United States Securities and Exchange Commission v. Ahmed et al
Filing
1875
Endorsement Order denying 1546 Relief Defendants' Motion to Strike Harris St. Laurent's Response. Signed by Judge Janet Bond Arterton on 04/07/21. (McHugh, C.)
UNITED STATES DISTRICT COURT
DISTRICT OF CONNECTICUT
UNITED STATES SECURITIES AND EXCHANGE
COMMISSION,
Civil No. 3:15cv675 (JBA)
Plaintiff,
v.
IFTIKAR AHMED,
April 7, 2021
Defendant, and
IFTIKAR ALI AHMED SOLE PROP; I-CUBED
DOMAINS, LLC; SHALINI AHMED; SHALINI AHMED
2014 GRANTOR RETAINED ANNUNITY TRUST;
DIYA HOLDINGS LLC; DIYA REAL HOLDINGS, LLC;
I.I. 1, a minor child, by and through his next friends
IFTIKAR and SHALINI AHMED, his parents; I.I. 2, a
minor child, by and through his next friends
IFTIKAR and SHALINI AHMED, his parents; and I.I.

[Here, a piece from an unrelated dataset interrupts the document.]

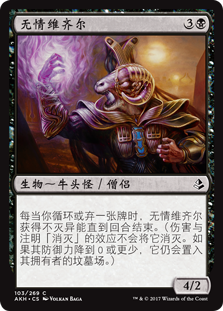 | Rules | Whenever you cycle or discard a card, Pitiless Vizier gains indestructible until end of turn. (Damage and effects that say "destroy" don't destroy it. If its toughness is 0 or less, it's still put into its owner's graveyard.) |
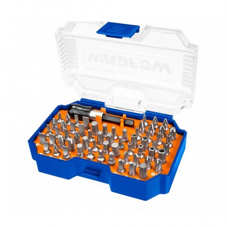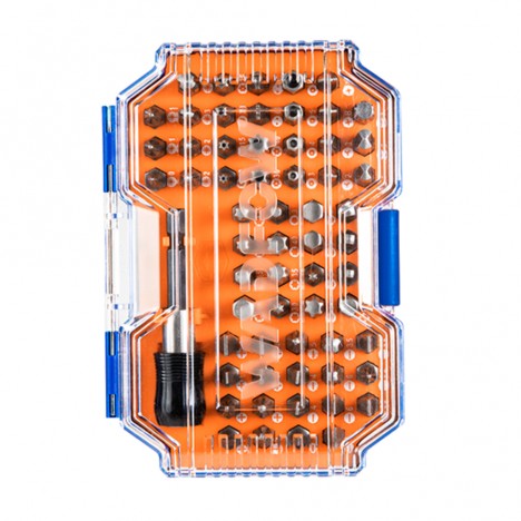 ชุดดอกไขควงที่ออกแบบมาเพื่อตอบโจทย์งานขันและไขสกรูที่หลากหลาย ตั้งแต่การประกอบเฟอร์นิเจอร์ไปจนถึงงานซ่อมบำรุงอิเล็กทรอนิกส์ ชุดนี้มีดอกไขควงความยาว 25 มม. รวม 61 ดอก ซึ่งครอบคลุมหัวสกรูมาตรฐาน เช่น แฉก (Phillips), แฉก Pozidriv (PZ), แบน (Slotted), ดาว (Torx) และหกเหลี่ยม (Hex) นอกจากนี้ยังมีดอกสำหรับสกรูนิรภัย (Tamper-Resistant) และสกรูเฉพาะทางอื่นๆ อีกด้วย มาพร้อมกับ ด้ามจับดอกไขควงแบบปลดเร็ว (Quick Release Bit Holder) 1 ชิ้น เพื่อความสะดวกในการเปลี่ยนดอกและเพิ่มความมั่นคงในการใช้งาน ดอกไขควงทั้งหมดผลิตจากเหล็ก Chrome Vanadium (CR-V) ซึ่งมีความแข็งแรงและทนทานต่อการสึกหรอ บรรจุในกล่องพลาสติกอย่างดีเพื่อความเป็นระเบียบและง่ายต่อการพกพา

3, a minor child, by and through his next friends
IFTIKAR and SHALINI AHMED, his parents,
Relief Defendants.
ENDORSEMENT ORDER DENYING RELIEF DEFENDANTS’ MOTION TO STRIKE HARRIS
ST. LAURENT’S RESPONSE
Relief Defendants move to strike Harris St. Laurent’s (HSL) response [Doc. # 1543]
to Relief Defendants’ Motion for Attorney’s Fees [Doc. # 1537]. (Relief Defs.’ Mot. to Strike
HSL’s Response [Doc. # 1546]; see also Relief Defs.’ Mot. for Release of Funds for Atty’s Fees
to Retain Counsel for HS Arbitration [Doc. # 1537]; HSL’s Response re Mot. for Release of
Funds [Doc. # 1543].) They argue that HSL, as a non-party, failed to file the “necessary”
motion to intervene before filing a notice on the docket. (Relief Defs.’ Mot. to Strike at 2.)
While Relief Defendants are correct that the Federal Rules of Civil Procedure explicitly
permit only those designated as parties to file motions and pleadings, see Fed. R. Civ. P. 7,
there is little case law available about whether non-parties may file documents or other
responsive notices. See DRFP, LLC v. Republica Bolivariana de Venezuela, No. 2:04-CV-793,
2012 WL 995288, at *2 (S.D. Ohio Mar. 22, 2012) (“[T]here is little precedent which deals
with the issue of when a non-party may properly file some document with the Court.”).
However, the discretion of the trial court to grant or deny a motion to strike is wellestablished and typically only viable where the pleading will result in prejudice to the
nonmoving party. Tucker v. Am. Int'l Grp., Inc., 936 F. Supp. 2d 1, 15-16 (D. Conn. 2013); see
also MC1 Healthcare, Inc. v. United Health Grp., Inc., No. 3:17-CV-01909 (KAD), 2019 WL
2015949, at *11 (D. Conn. May 7, 2019). Relief Defendants have made no attempt to
demonstrate how HSL’s notice prejudices or otherwise impacts their interests in the
proceedings. Accordingly, Relief Defendants’ Motion to Strike [Doc. # 1546] is DENIED.
IT IS SO ORDERED.
____________________/s/_______________________________
Janet Bond Arterton, U.S.D.J.
Dated at New Haven, Connecticut this 7th day of April 2021.